Ils furent tous surpris par la nouvelle, mais content aussi que la famille s'agrandisse.

—Je suis enceinte, reprit Temari.

—Tu ne l'as pas fait toute seule cet enfant, corrigea Shikamaru, alors nous sommes enceintes.

—Nous sommes enceintes, répéta la blonde, n'empêche c'est moi qui le porte en attendant.

—Je le porterais lorsqu'il sera né ne t'en fais pas…

—Je plains cet enfant avec les parents qu'il aura, dit Kankuro à Gaara.

—Moi aussi mais bon je le plain encore plus avec l'oncle Kankuro qu'il aura…

—Gaara !

—Et toi Gaara, fit Yoshino au roux, quand est-ce que tu apporteras un petit fils à ton père ?

Gaara rougit, il ne répondit pas, et les autres rirent face à la déstabilisation du roux.

Ils étaient heureux avec l'arrivé d'un enfant. Ils allèrent voir un médecin qui leur annonça que Temari en était à trois mois de grossesse bientôt quatre. Elle était heureuse, il l'était aussi. Bientôt Yoshino allait les invités à vivre à la demeure Nara

Shikatema

Emi se trouvait dans une boutique pour bébé, à la recherche d'un cadeau pour Temari, enfant pour l'enfant qui allait naitre. Elle y croisa Kankuro qui lui aussi avait eu la même idée. Elle avait pour la toute première fois lâché ses cheveux, elle était mignonne, avec sa petite robe grise, sa veste, ses collant et ses bottines.

—Bonjour Emi, dit Kankuro avec un geste de la main.

—Bonjour, répondit-elle en s'avançant vers lui, tu vas avoir un neveu c'est génial !

—Oui…mais qu'est-ce que tu fais ici ?

—Et toi que fais-tu ici ?

—La même chose que toi j'imagine, conclu le brun qui venait de comprendre.

Il la dévisageait malgré lui, Emi se sentit gêner et alla dans les rayons.

—Heu…ces derniers temps tu ne m'as plus parlé de ton petit ami…

—Le dernier petit ami que j'ai eu…je l'ai largué en faites…c'est la première fois que je romps avec quelqu'un, c'était effrayant.

—Pourquoi ? T'aime bien avoir quelqu'un dans ta vie pourtant.

—Oui mais bon… je sais pas j'aimerais avoir quelqu'un qui m'aimeras vraiment et non parce que je suis jolie et que j'ai l'air naïve et trop gentille… j'ai envie d'autre chose…j'ai envie d'une vrai relation sérieuse qui sera bénéfique à lui et à moi…et toi ta petite amie ?

—Elle…je sais pas trop j'ai l'impression qu'elle me trompe…

—Ca n'a pas l'air de trop t'affecter tout ça, fit remarquer la brune.
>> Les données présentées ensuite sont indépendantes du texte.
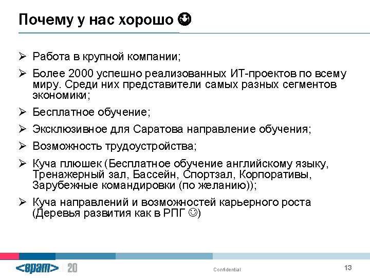 Welcome to EPAM Confidential Our achievements 2 Our Slides: 15 Download presentation Welcome to EPAM Confidential Our achievements 2 Our Clients Confidential 3 EPAM Geography Sweden Canada Toronto United Kingdom Belarus London USA Boston Newtown Russia Stockholm Göteborg Germany Frankfurt Minsk Brest Gomel Grodno Mogilev Vitebsk Moscow Sankt-Petersburg Ryazan Saratov Samara Izhevsk Sergiev Posad Togliatti Tver Ukraine Switzerland Zurich Poland Kyiv Kharkiv Lviv Dnipropetrovsk Vinnytsia Krakow Hungary Kazakhstan Budapest Szeged Debrecen Astana Karaganda Confidential 4 EPAM Systems Russia Izhevsk Togliatti Tver Ryazan Sankt-Petersburg Moscow Samara Sergiev Posad Saratov 5 Confidential 8 Confidential 9 EPAM Creation DANCE REPETITION Excellence in Software Engineering THANK YOU FOR ATTENTION join us 15
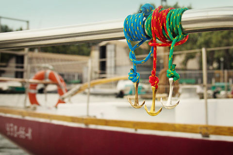 Designed anchor bracelet made by hand, from solid brass base with gold platting. Stylish rope strap with adjustable length. Looks great with any styles.
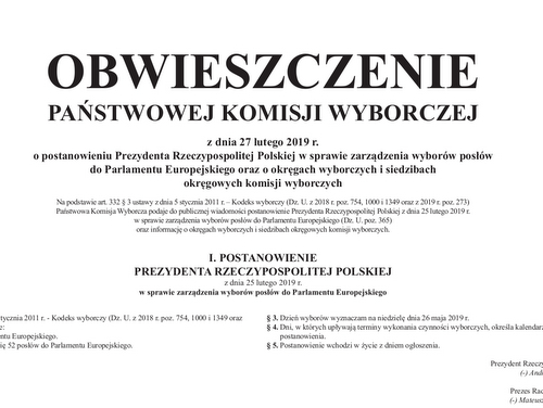 Obwieszczenie Państwowej Komisji Wyborczej z dnia 27 lutego 2019 r. o postanowieniu Prezydenta Rzeczypospolitej Polskiej z dnia 25 lutego 2019 r. w sprawie zarządzenia wyborów posłów do Parlamentu Europejskiego oraz o okręgach wyborczych i siedzibach okręgowych komisji wyborczych. Obwieszczenie wybory do europarlamentu 2019pop Obwieszczenie PKW o postanowieniu Prezydenta Rzeczypospolitej Polskiej w sprawie zarządzenia wyborów posłów do Parlamentu Europejskiego
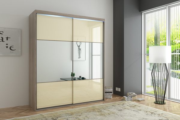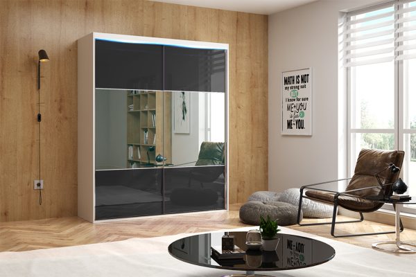 • Szkło „lacobel” – w naszej ofercie czeka na Ciebie 8 najnowszych i wyjątkowych kolorów szkła, dzięki czemu fronty w Twojej szafie uzyskają efekt POŁYSKU. W modelu PORTO 17 lustro powiększa optycznie i rozświetli wnętrze, a szkło lacobel nadaje szyku i elegancji…

Tu t'en fiches en faite.

—Oui je m'en fiche …

Emi ria elle ne pouvait pas rivaliser avec l'indifférence dont pouvait faire preuve Kankuro. Chacun choisit un petit quelque chose, enfin des peluches différentes chacun dans des tons pastel. Bien que cela ne fut pas prévu ils allèrent manger une crêpe ensemble et faire une promenade dans le parc. Kankuro devait rester à Konoha pour quelques jours et il avait demandé à Emi s'ils pourraient se voir durant son séjour chez les Nara, chose que la brune accepta avec plaisir.